• **TASK PROMPT**
Retype all of the data word for word, without pictures.

• **SUPPLIED INFORMATION**

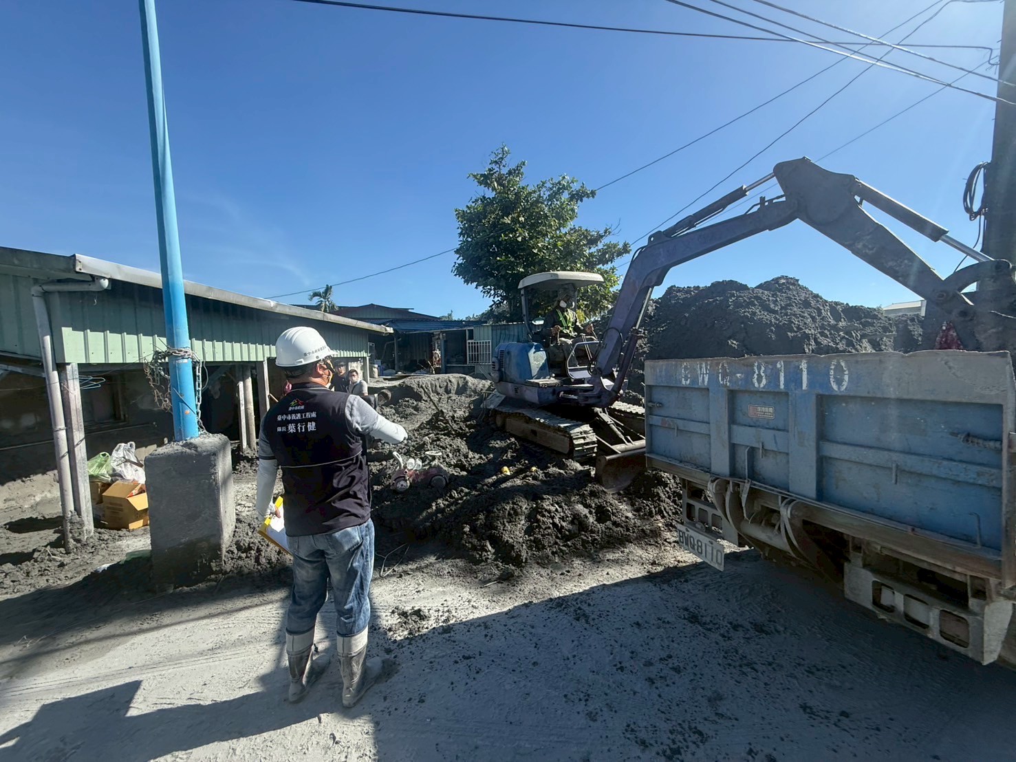 花蓮馬太鞍溪堰塞湖溢堤,導致道路中斷、住家與農地嚴重淤積。台中市政府建設局救災團隊持續支援,其中更有隊員家屬也參加「鏟子超人」志工行列,共同為花蓮災區努力。昨(30)日除道路復原外,更深入民宅勘查,了解居民受災情況,並立即調度人力與機具展開清理。厚重泥沙逐步被清除,受災鄉親激動表示「看見台中隊到來,心裡終於踏實」,更感謝重機具的加入大幅加快復原進度。
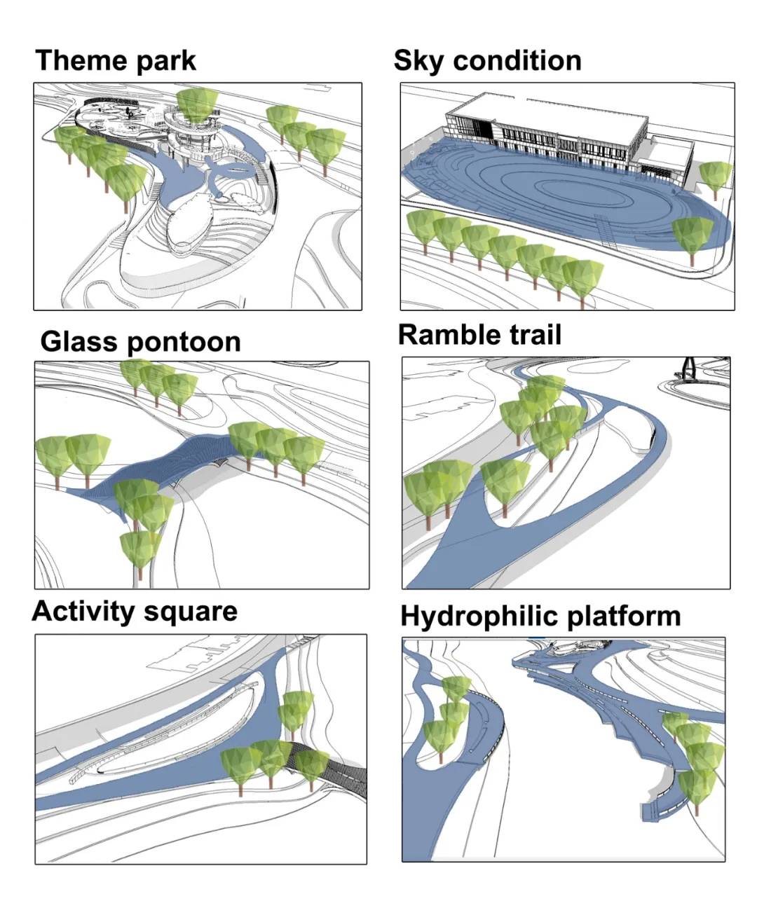 設計場地按照功能主要劃分為六位功能為一體的生活休閑景觀平臺,六大功能板塊分別為:兒童活動空間、休閑活動空間、濱水漫步空間、親水平臺空間、浪漫花??臻g、浪漫活動空間,構成宜居的休閑生活空間景觀平臺。
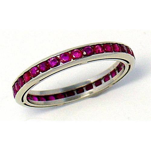 Hand crafted platinum band channel set with perfectly matched round rubies. It looks lovely by itself or in-between a pair of diamond bands. Great for stacking, too. It fits a finger size 6.75. 2.2mm wide

• **SOLUTION FOR THIS TASK**
 花蓮馬太鞍溪堰塞湖溢堤,導致道路中斷、住家與農地嚴重淤積。台中市政府建設局救災團隊持續支援,其中更有隊員家屬也參加「鏟子超人」志工行列,共同為花蓮災區努力。昨(30)日除道路復原外,更深入民宅勘查,了解居民受災情況,並立即調度人力與機具展開清理。厚重泥沙逐步被清除,受災鄉親激動表示「看見台中隊到來,心裡終於踏實」,更感謝重機具的加入大幅加快復原進度。
 設計場地按照功能主要劃分為六位功能為一體的生活休閑景觀平臺,六大功能板塊分別為:兒童活動空間、休閑活動空間、濱水漫步空間、親水平臺空間、浪漫花??臻g、浪漫活動空間,構成宜居的休閑生活空間景觀平臺。
 Hand crafted platinum band channel set with perfectly matched round rubies. It looks lovely by itself or in-between a pair of diamond bands. Great for stacking, too. It fits a finger size 6.75. 2.2mm wide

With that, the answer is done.